With the Rio Games less than three weeks away, the International Olympic Committee have promised "the toughest sanctions available" after a report found Moscow had concealed the positive doping tests of athletes in many sports in the run-up to the Sochi Winter games.
The IOC did not spell out whether it would heed growing calls for Olympic bans already imposed on Russia's track and field athletes and weightlifters to be extended to all its competitors in Rio.
But IOC President Thomas Bach said the independent World Anti-Doping Agency (WADA) investigation had revealed "a shocking and unprecedented attack on the integrity of sport and on the Olympic Games".
"Therefore, the IOC will not hesitate to take the toughest sanctions available against any individual or organisation implicated."
WADA itself explicitly urged the IOC to consider banning Russia from the Rio Olympics altogether.
The WADA-backed report confirmed allegations made by former Moscow Anti-Doping Laboratory head Grigory Rodchenkov, who two months ago told the New York Times that dozens of Russians used performance-enhancing drugs in Sochi with approval from national sports authorities.
It said the catalyst for the development of a system to conceal widespread doping had been Russia's performance at the 2010 Vancouver Winter Games, where a country that cherishes its status as a sporting superpower finished 11th, with only three gold medals.
"The surprise result of the Sochi investigation was the revelation of the extent of State oversight and directed control of the Moscow Laboratory in processing and covering up urine samples of Russian athletes from virtually all sports before and after the Sochi Games," said the report, unveiled in Toronto.
The report was led by Canadian sports lawyer Richard McLaren, who had sat on the independent commission that last year exposed widespread doping and corruption in Russian track and field, leading to its exclusion from international competition.
He said Russia's Sports Ministry had overseen the manipulation of athletes' analytical results for years before Sochi.
While doped Russian athletes could compete on home soil without fear of detection, international competitors were left to face WADA testing procedures.

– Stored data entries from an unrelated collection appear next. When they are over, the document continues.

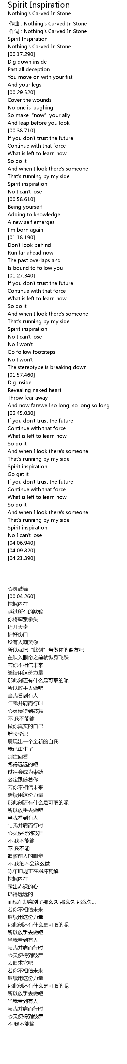 | [00:00.180] | zuò cí : Nothing' s Carved In Stone |
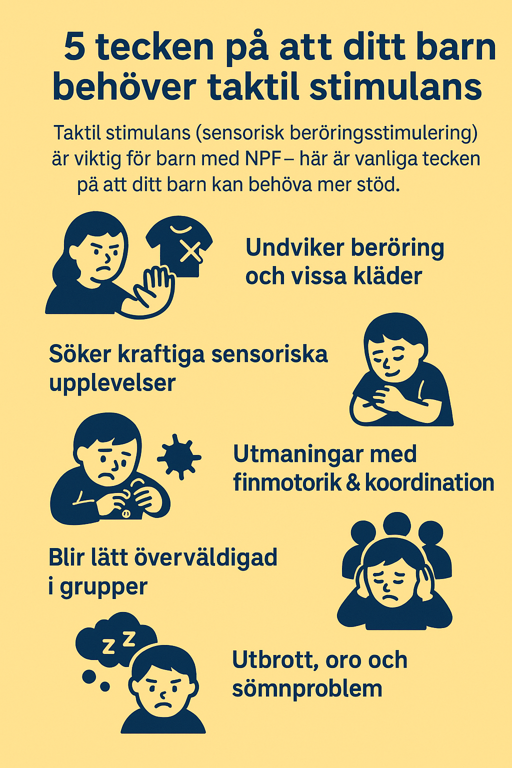 Taktil stimulans (sensorisk beröringsstimulering) är viktig för barns utveckling och trygghet. För barn med NPF – som autism, ADHD eller sensorisk känslighet – kan det taktila systemet fungera annorlunda. Det kan leda till att barnet antingen undviker beröring eller ständigt söker tryck och kontakt.
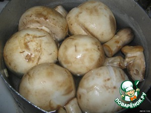 Шампиньоны отварить целиком. Потом нарезать не очень мелко.
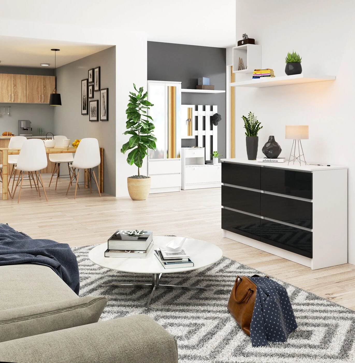 Aprašymas buvo automatiškai išverstas, gali pasitaikyti klaidų. – Komodos korpusas pagamintas iš laminuotos plokštės balto kilimėlio, atsparus dilimui 16 mm - Fasadas pagamintas iš ACRYL 19 mm plokštės su blizgiu grafito dekoru – Stalčiai juda ant metalinių ritinėlių kreiptuvų - Kraštai padengti ABS briauna, užtikrinančia aukštą apsaugą nuo pažeidimų - Savarankiškai surenkama komoda - Pristatyme pateikiamos instrukcijos - 24 mėnesių garantija
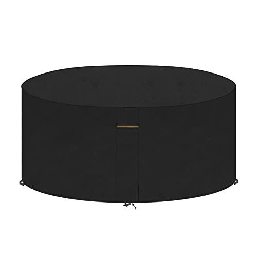 Kovshuiwe Vattentäta trädgårdsmöbler överdrag Ø 250 x 104 cm, slitstarkt 420D oxfordtyg trädgårdsbordsskydd med stor luftventil vindtätt anti-UV utomhusbord och stolar, uteplatsskydd rund svart
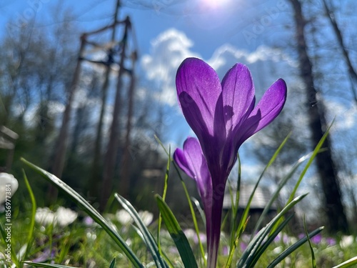 Krokus z perspektywy na tle nieba
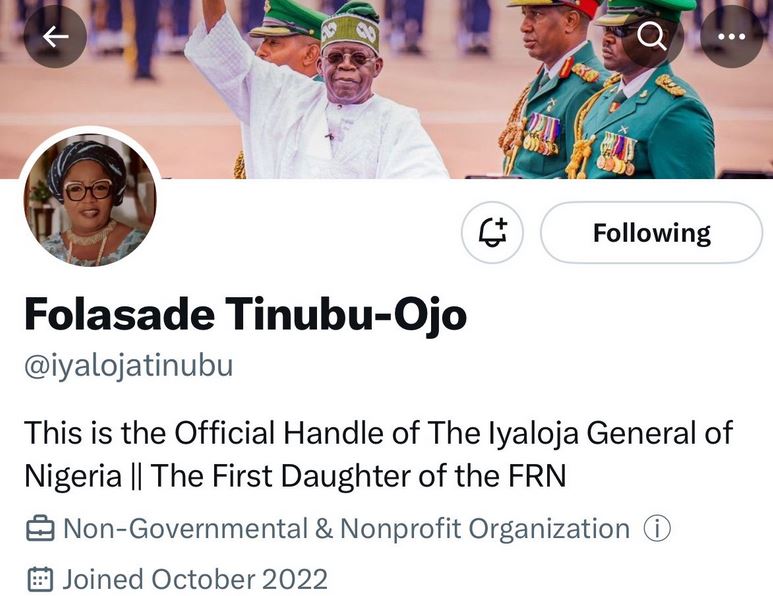 Folasade Tinubu-Ojo, the first child of President Bola Tinubu and the Iyaloja-general of Lagos, has updated her Twitter bio to ‘first daughter of the Federal Republic of Nigeria (FRN)’.
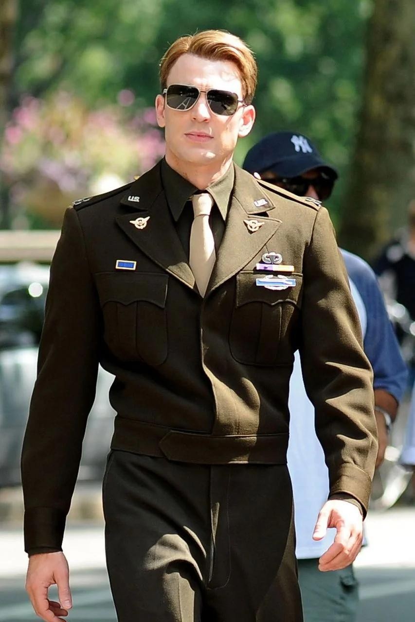 美国队长扮演者克里斯·埃文斯就身穿一件艾森豪威尔夹克

"The State implemented a simple failsafe strategy," the report said. "If all the operational precautions to promote and permit doping by Russian athletes proved to have been ineffective for whatever reason, the laboratory provided a failsafe mechanism.
"The State had the ability to transform a positive analytical result into a negative one by ordering that the analytical process of the Moscow Laboratory be altered."
In Sochi itself, where international observers were scrutinising the drug tests, positive results could not simply be brushed away, so a system of sample-swapping was put in place with the help of the FSB intelligence service, the report said.
Rodchenkov had spoken of a clandestine night-time operation in which he said staff secretly took urine samples from the lab via a "mouse hole" cut into a wall, and replaced them with clean samples taken from the same athlete months earlier and sometimes manipulated.
Russian Prime Minister Dmitry Medvedev has suspended Deputy Sports Minister Yury Nagornykh, who was named in the report as overseeing the process.
President Vladimir Putin said earlier on Monday that Russian officials named in the World Anti-Doping Agency's report would be temporarily suspended.
The report said Nagornykh had been advised of every positive test across all sports from 2011 onwards and decided "who would benefit from a cover-up and who would not be protected".
Russian Sports Minister Vitaly Mutko was defiant, telling TASS news agency that there were no concrete confirmation of doping violations in the report.
"I hope that the IOC, while taking up a decision, will be guided by common sense and will proceed from the fact that there is no a concrete confirmation of a violation by this or that athlete in the report," he was quoted as saying.